_WHAT IS EXPECTED_
All of the data below should be set down again verbatim, without any images.

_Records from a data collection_
────

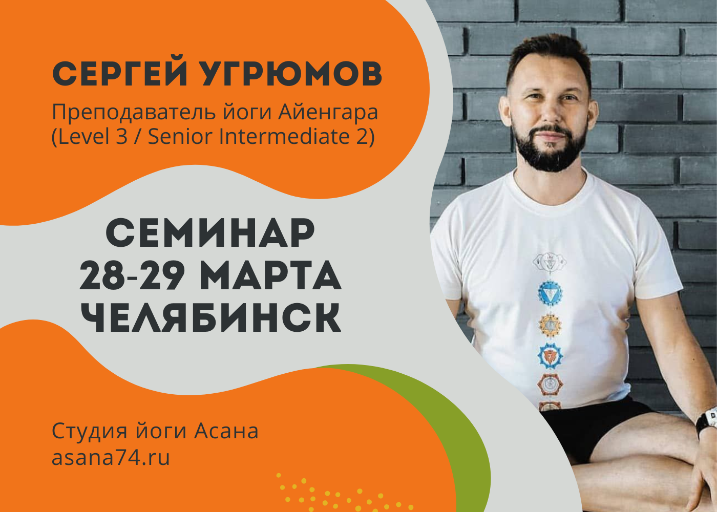 Дорогие друзья, это случилось! В Челябинске впервые пройдет семинар Сергея Угрюмова — одного из ведущих преподавателей йоги Айенгара в России с сертификатом уровня Senior Intermediate 2 и более чем 30-летним опытом.
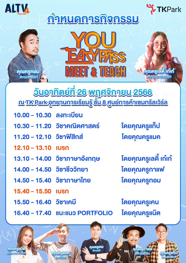 ALTV (Active Learning TV) จับมือ TK Park เปิดพื้นที่แห่งการเรียนรู้ เตรียมยกพลรวมพลังครั้งสำคัญของเหล่าติวเตอร์ชื่อดัง ที่จะมาเปิดคลาสเรียนสุด Exclusive พร้อมชวนน้อง ๆ นักเรียนชั้นประถมศึกษาตอนปลาย และชั้นมัธยมศึกษาตอนปลายทั่วประเทศ มาเปิดประสบการณ์นอกห้องเรียน เก็บเทคนิคการเตรียมตัวสอบฉบับเร่งรัดย่อยเนื้อหาให้เข้าใจง่าย พร้อมติวสอบโค้งสุดท้ายก่อนลงสนามจริง ในกิจกรรม “You Easy Pass Meet & Teach” อย่ารอช้าเตรียมปักมุดติวสอบเร็ว ๆ นี้ ลงทะเบียนเข้าร่วมฟรีที่หน้างาน พร้อมรับ Gift Set สุดพิเศษจาก ALTV ช่อง 4 ทีวีเรียนสนุก
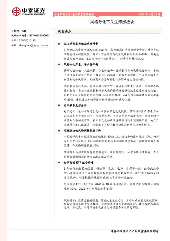 【中泰证券】【20220628】量化投资策略报告:风格分化下关注滞涨板块-20页
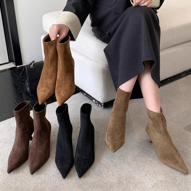 法式尖头高跟短靴女2025秋冬新款百搭绒面瘦瘦靴性感气质细跟裸靴
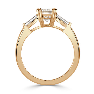 This three-stone emerald cut diamond engagement ring offers amazing finger coverage and is a classic look! The beautiful 1.88ct emerald cut center diamond is GIA certified at J-VVS2. It is exceptionally white, has a mesmerizing cut and is nearly flawless in clarity. This beauty measures at an incredible proportion of 8.16 x 5.99 mm. It is accented by a tapered baguette cut diamond on either side with a dainty hidden halo detail on the basket bar for extra sparkle. Handcrafted in our signature 18k champagne yellow gold setting, this emerald cut diamond engagement ring is stunning from every angle!
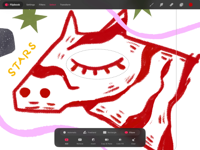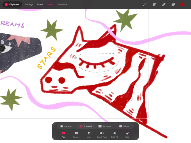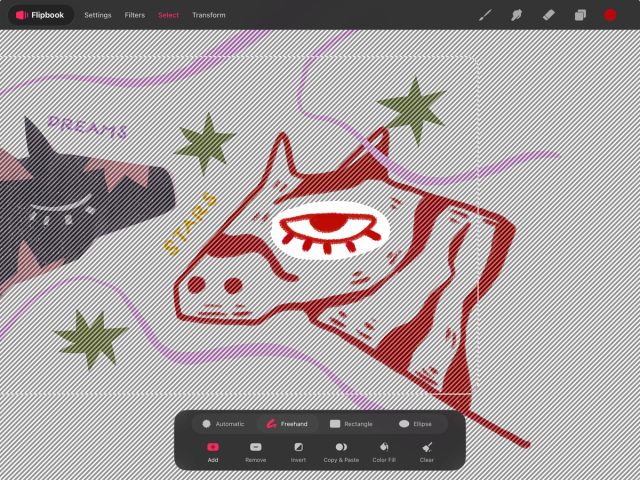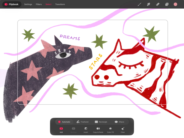 There are multiple methods of selection in Procreate Dreams, and your selection will be applied to your current layer or set of layers. To access the tool, enter a Drawing or Flipbook and then tap Select at the top of the interface. Tap Select again at any time to exit the tool:

────

_COMPLETED EXERCISE_
 Дорогие друзья, это случилось! В Челябинске впервые пройдет семинар Сергея Угрюмова — одного из ведущих преподавателей йоги Айенгара в России с сертификатом уровня Senior Intermediate 2 и более чем 30-летним опытом.
 ALTV (Active Learning TV) จับมือ TK Park เปิดพื้นที่แห่งการเรียนรู้ เตรียมยกพลรวมพลังครั้งสำคัญของเหล่าติวเตอร์ชื่อดัง ที่จะมาเปิดคลาสเรียนสุด Exclusive พร้อมชวนน้อง ๆ นักเรียนชั้นประถมศึกษาตอนปลาย และชั้นมัธยมศึกษาตอนปลายทั่วประเทศ มาเปิดประสบการณ์นอกห้องเรียน เก็บเทคนิคการเตรียมตัวสอบฉบับเร่งรัดย่อยเนื้อหาให้เข้าใจง่าย พร้อมติวสอบโค้งสุดท้ายก่อนลงสนามจริง ในกิจกรรม “You Easy Pass Meet & Teach” อย่ารอช้าเตรียมปักมุดติวสอบเร็ว ๆ นี้ ลงทะเบียนเข้าร่วมฟรีที่หน้างาน พร้อมรับ Gift Set สุดพิเศษจาก ALTV ช่อง 4 ทีวีเรียนสนุก
 【中泰证券】【20220628】量化投资策略报告:风格分化下关注滞涨板块-20页
 法式尖头高跟短靴女2025秋冬新款百搭绒面瘦瘦靴性感气质细跟裸靴
 This three-stone emerald cut diamond engagement ring offers amazing finger coverage and is a classic look! The beautiful 1.88ct emerald cut center diamond is GIA certified at J-VVS2. It is exceptionally white, has a mesmerizing cut and is nearly flawless in clarity. This beauty measures at an incredible proportion of 8.16 x 5.99 mm. It is accented by a tapered baguette cut diamond on either side with a dainty hidden halo detail on the basket bar for extra sparkle. Handcrafted in our signature 18k champagne yellow gold setting, this emerald cut diamond engagement ring is stunning from every angle!
 There are multiple methods of selection in Procreate Dreams, and your selection will be applied to your current layer or set of layers. To access the tool, enter a Drawing or Flipbook and then tap Select at the top of the interface. Tap Select again at any time to exit the tool:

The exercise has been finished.